Task requirements.
Restate word for word the lines below, from the one containing "Fumada Ref.: 40141" through the final line, with no pictures included.

Supplied information.
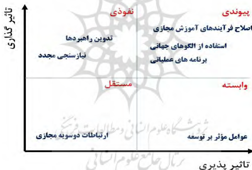
شکل ۲- نتیجه تحلیل میک‌مک

شکل ۲، نتیجه میزان وابستگی و قدرت نفوذ را برای هر یک از شاخص‌ها نشان می‌دهد. بر این اساس شاخص‌های نیازسنجی مجدد، تدوین راهبردها در منطقه نفوذی، شاخص ارتباطات دو سویه مجازی در منطقه خودمختار (مستقل) و شاخص عوامل مؤثر بر توسعه در منطقه وابسته و شاخص‌های اصلاح فرآیندهای آموزش مجازی، برنامه‌های عملیاتی و استفاده از الگوهای جهانی در منطقه پیوندی هستند. عوامل خودمختار شامل عواملی هستند که دارای قدرت نفوذ و وابستگی
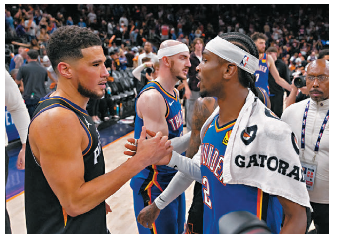
●阿歷山大(右)賽後與太陽主將迪雲布

香港文匯報訊(記者 楊浩然) NBA昨日上演三場季後賽，其中衛冕的雷霆作客以131:122擊敗太陽，直落四場橫掃對手勇闖西岸四強。雖然場數大幅領先，但雷霆球員未有因此放軟手腳，開賽後已給予太陽極大壓力，隨着當家球星阿歷山大中壓哨三分，客軍半場已領先75:67。下半場，太陽始終無法收窄落後差距，就算主力如布魯克斯等不停得分追趕，對手總能及時作出回應，最終雷霆順利再下一城以直落四場橫掃對手。雖然晉級過程輕鬆，但阿歷山大賽後受訪時，依然對太陽有着甚高評價：「太陽的球員有着出色的個人能力，是一支具備天賦的球隊，我對他們只有發自內心的尊重。」同日比賽，已無退路的金塊主場以125:113擊敗木狼，場數追至落後2:3。至於東岸「一哥」活塞作客以88:94不敵魔術，場數落後至1:3，未來必須連贏三場才能來後上晉級。是役表現平平僅得12分的活塞主力積倫杜連，賽後失望地表示：「對手不停利用我們的失誤取得分數，這情況在今個系列賽不停出現，我們如果想證明自己較對手優秀，餘下比賽便一定要作出大幅改善。」另一方面，NBA昨日官宣，今季場均取得21分、6.7個籃板、4.5次助攻的獨行俠前鋒谷巴費治，榮膺本年度最佳新秀。根據資料，獲得56張第一選票和44張第二選票的谷巴費治，是繼勒邦士後，第二年輕的NBA年度最佳新秀。
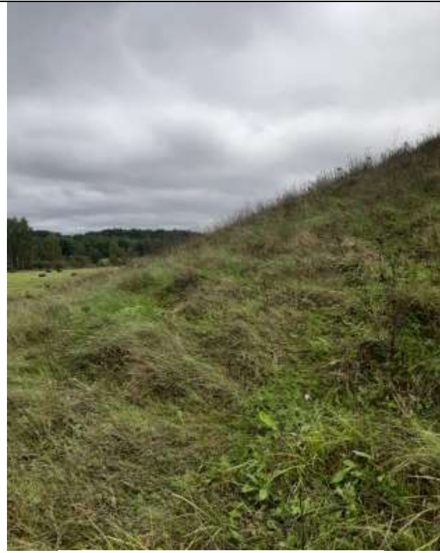
(Unikalus objekto kodas 5713, 24108)
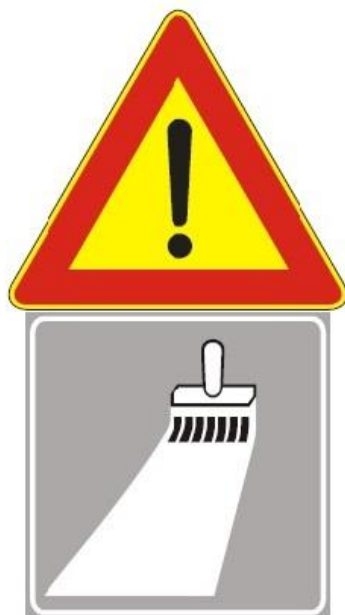
Figura Il 391 Art. 31
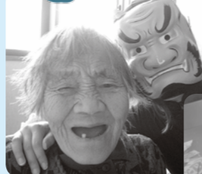
鬼とのツーショット!
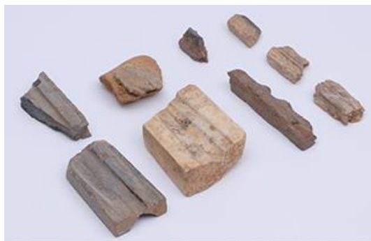
謎のエリア出土の青銅器鋳型
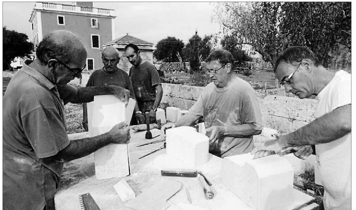
El grupo ha empezado a tallar las piezas de marès para reconstruir la antigua entrada a Sa Vinyeta.

Relatan los participantes que pese a que le han dedicado mucho tiempo a Sa Vinyeta, aún queda un gran trabajo por realizar en ese espacio. En esta ocasión cuentan con una subvención de 3.000 euros a cargo del proyecto europeo Leader. Las tareas continuarán hasta el próximo mes de mayo cada tercer domingo de mes.
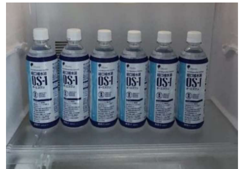
□ 経口補水液等の冷却保管
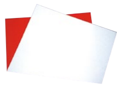
紅白紙(こうはくし)
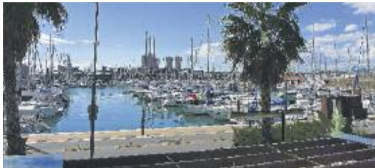
L'adjudicació de les obres es faria al febrer.

El 22 de desembre la mesa de contractació del projecte avaluarà l'oferta i en el cas que la valoració sigui positiva, l'hotel tirarà endavant. L'adjudicació del terreny del port és una concessió de 99 anys i no preveu que el promotor que assumeixi la construc-
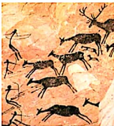
تصویر نقاشی از داخل غار لاسکو در فرانسه، غذای معتقدند که این نقاشی‌ها مربوط به ۱۳۰۰۰ سال پیش است.

۴ (نقاشی‌های به جا مانده روی دیوار غارهای قدیمی یا تخته سنگ‌ها نشان می‌دهد که شکار در تأمین غذای انسان‌ها در آن دوره نقش مهمی داشته است.)
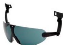
Fumada Ref.: 40141
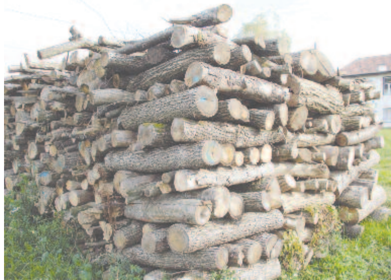
Még mindig fával tüzelnek, remélhetőleg nem sokáig

Annak ellenére, hogy a Nyárádszereda irányából érkező egyik fő földgázvezeték kútja Torboszló határában van, a községben nincs háztartási használatra szánt földgáz, az itt lakók még mindig fával fűtenek.
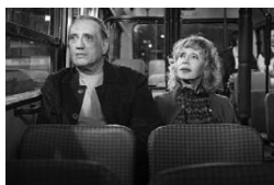
声優夫婦の甘くない生活 (イスラエル) 2月5日(金)~2月18日(木)

Response.
Fumada Ref.: 40141
Még mindig fával tüzelnek, remélhetőleg nem sokáig

Annak ellenére, hogy a Nyárádszereda irányából érkező egyik fő földgázvezeték kútja Torboszló határában van, a községben nincs háztartási használatra szánt földgáz, az itt lakók még mindig fával fűtenek.
声優夫婦の甘くない生活 (イスラエル) 2月5日(金)~2月18日(木)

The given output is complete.